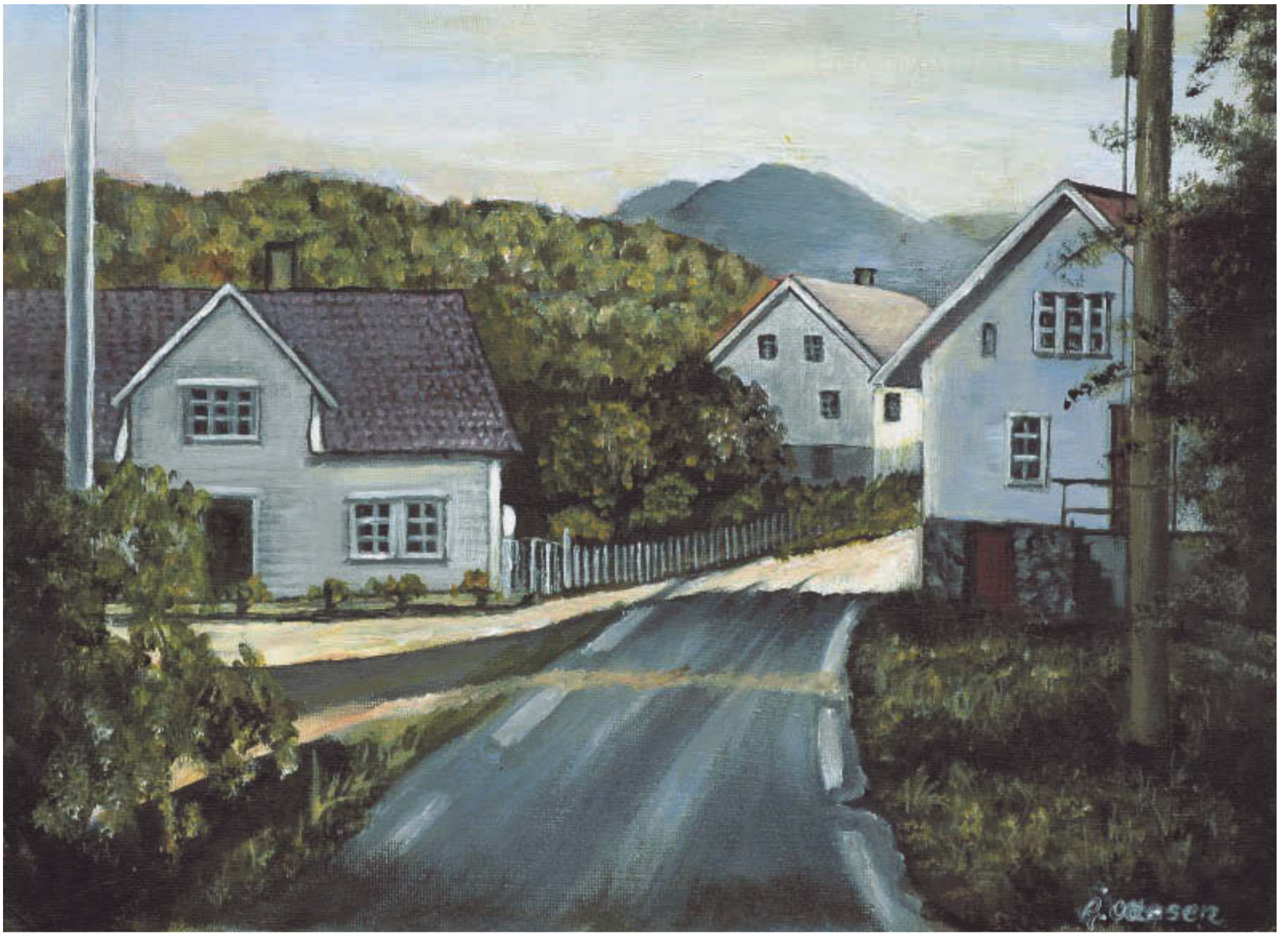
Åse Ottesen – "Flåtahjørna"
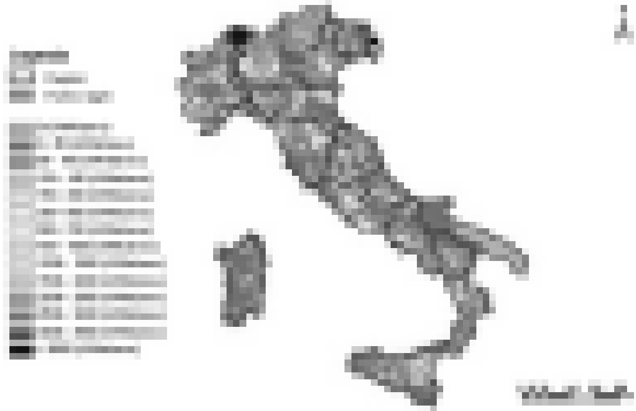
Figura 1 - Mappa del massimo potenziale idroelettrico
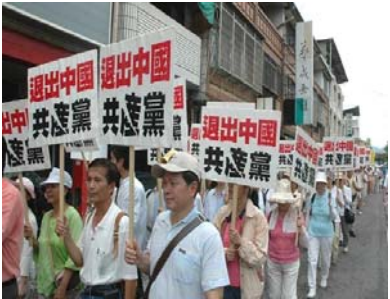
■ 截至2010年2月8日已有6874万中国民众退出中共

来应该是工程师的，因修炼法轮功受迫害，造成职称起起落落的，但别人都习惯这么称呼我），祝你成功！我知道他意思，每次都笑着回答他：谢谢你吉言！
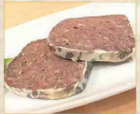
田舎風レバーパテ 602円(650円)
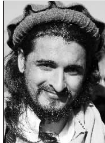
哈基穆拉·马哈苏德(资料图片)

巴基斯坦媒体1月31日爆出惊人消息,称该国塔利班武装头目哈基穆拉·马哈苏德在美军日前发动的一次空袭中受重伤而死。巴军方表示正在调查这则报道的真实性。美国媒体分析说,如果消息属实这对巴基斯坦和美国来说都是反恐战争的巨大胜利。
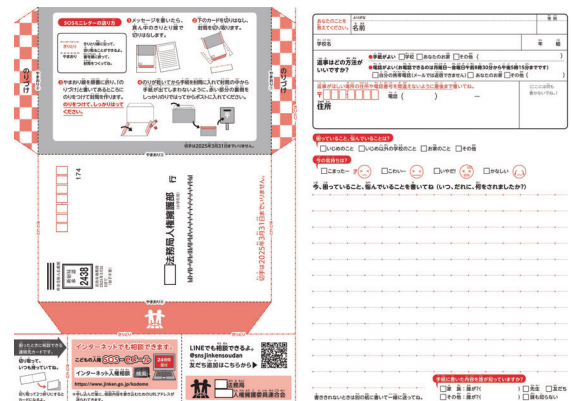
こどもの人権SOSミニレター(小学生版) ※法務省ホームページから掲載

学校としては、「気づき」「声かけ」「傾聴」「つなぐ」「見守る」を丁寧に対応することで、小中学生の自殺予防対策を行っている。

__EXERCISE PROMPT__
Print the lines from the one holding "哈基穆拉·马哈苏德(资料图片)" through the last line of the records, word for word, and omit the pictures.

__RESULT__
哈基穆拉·马哈苏德(资料图片)

巴基斯坦媒体1月31日爆出惊人消息,称该国塔利班武装头目哈基穆拉·马哈苏德在美军日前发动的一次空袭中受重伤而死。巴军方表示正在调查这则报道的真实性。美国媒体分析说,如果消息属实这对巴基斯坦和美国来说都是反恐战争的巨大胜利。
こどもの人権SOSミニレター(小学生版) ※法務省ホームページから掲載

学校としては、「気づき」「声かけ」「傾聴」「つなぐ」「見守る」を丁寧に対応することで、小中学生の自殺予防対策を行っている。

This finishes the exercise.